(Data provided):
------------------------------------------------

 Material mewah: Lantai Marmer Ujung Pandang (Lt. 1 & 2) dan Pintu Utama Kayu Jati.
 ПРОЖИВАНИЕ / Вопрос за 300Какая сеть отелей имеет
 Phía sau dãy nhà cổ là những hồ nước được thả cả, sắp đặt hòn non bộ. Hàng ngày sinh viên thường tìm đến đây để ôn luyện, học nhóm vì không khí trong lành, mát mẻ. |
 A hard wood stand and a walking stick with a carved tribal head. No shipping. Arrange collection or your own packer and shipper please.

------------------------------------------------

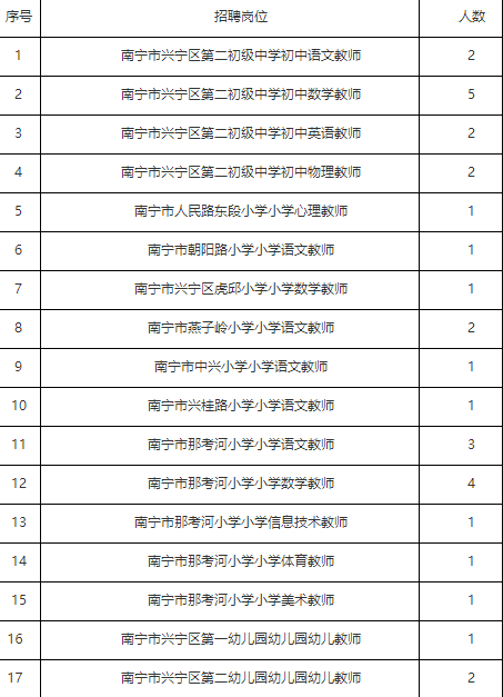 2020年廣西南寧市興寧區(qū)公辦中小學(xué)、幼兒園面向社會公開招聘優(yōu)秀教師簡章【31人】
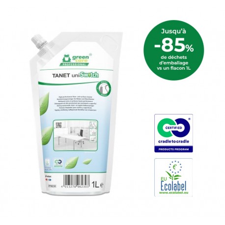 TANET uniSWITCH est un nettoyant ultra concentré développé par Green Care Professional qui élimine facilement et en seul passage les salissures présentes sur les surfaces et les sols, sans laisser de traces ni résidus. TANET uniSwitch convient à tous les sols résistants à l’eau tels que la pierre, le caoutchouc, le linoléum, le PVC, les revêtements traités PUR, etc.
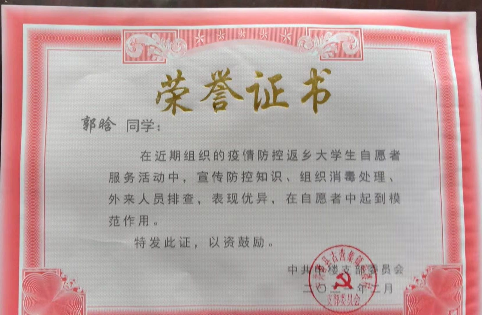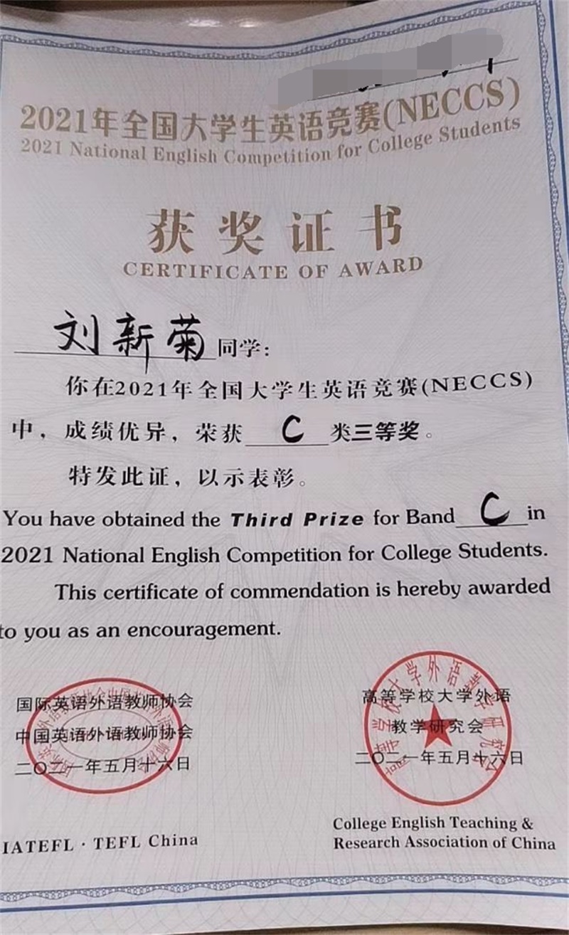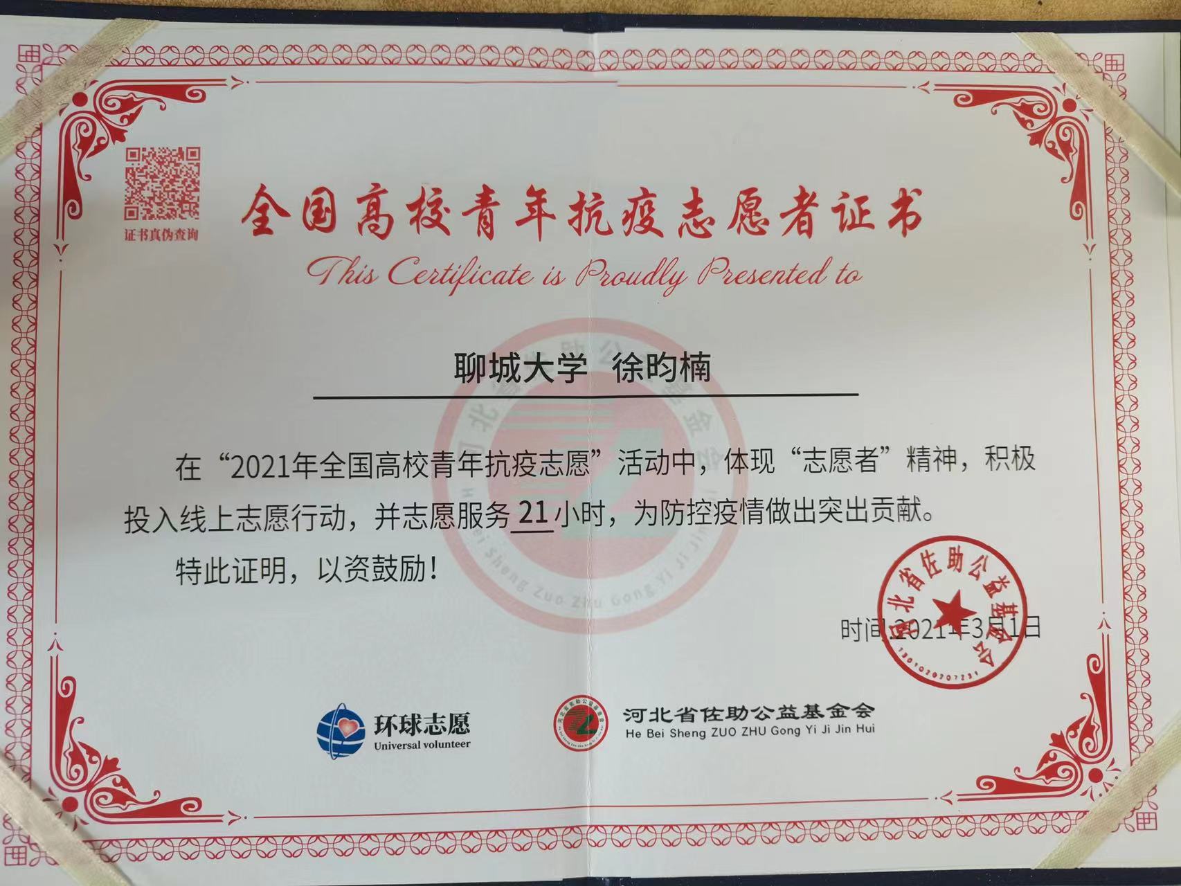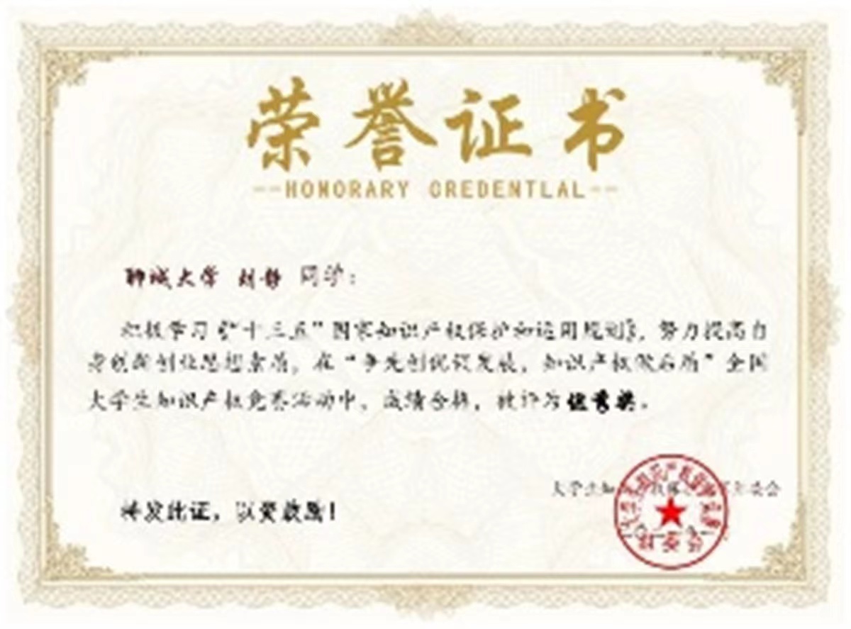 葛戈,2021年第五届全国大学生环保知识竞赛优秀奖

------------------------------------------------

(Work request): In the listing above, locate the line containing "Material mewah: Lantai" and the line containing "Phía sau dãy". Extract those two lines and every line between them, exactly as written, and only those.

(Response to this task):
 Material mewah: Lantai Marmer Ujung Pandang (Lt. 1 & 2) dan Pintu Utama Kayu Jati.
 ПРОЖИВАНИЕ / Вопрос за 300Какая сеть отелей имеет
 Phía sau dãy nhà cổ là những hồ nước được thả cả, sắp đặt hòn non bộ. Hàng ngày sinh viên thường tìm đến đây để ôn luyện, học nhóm vì không khí trong lành, mát mẻ. |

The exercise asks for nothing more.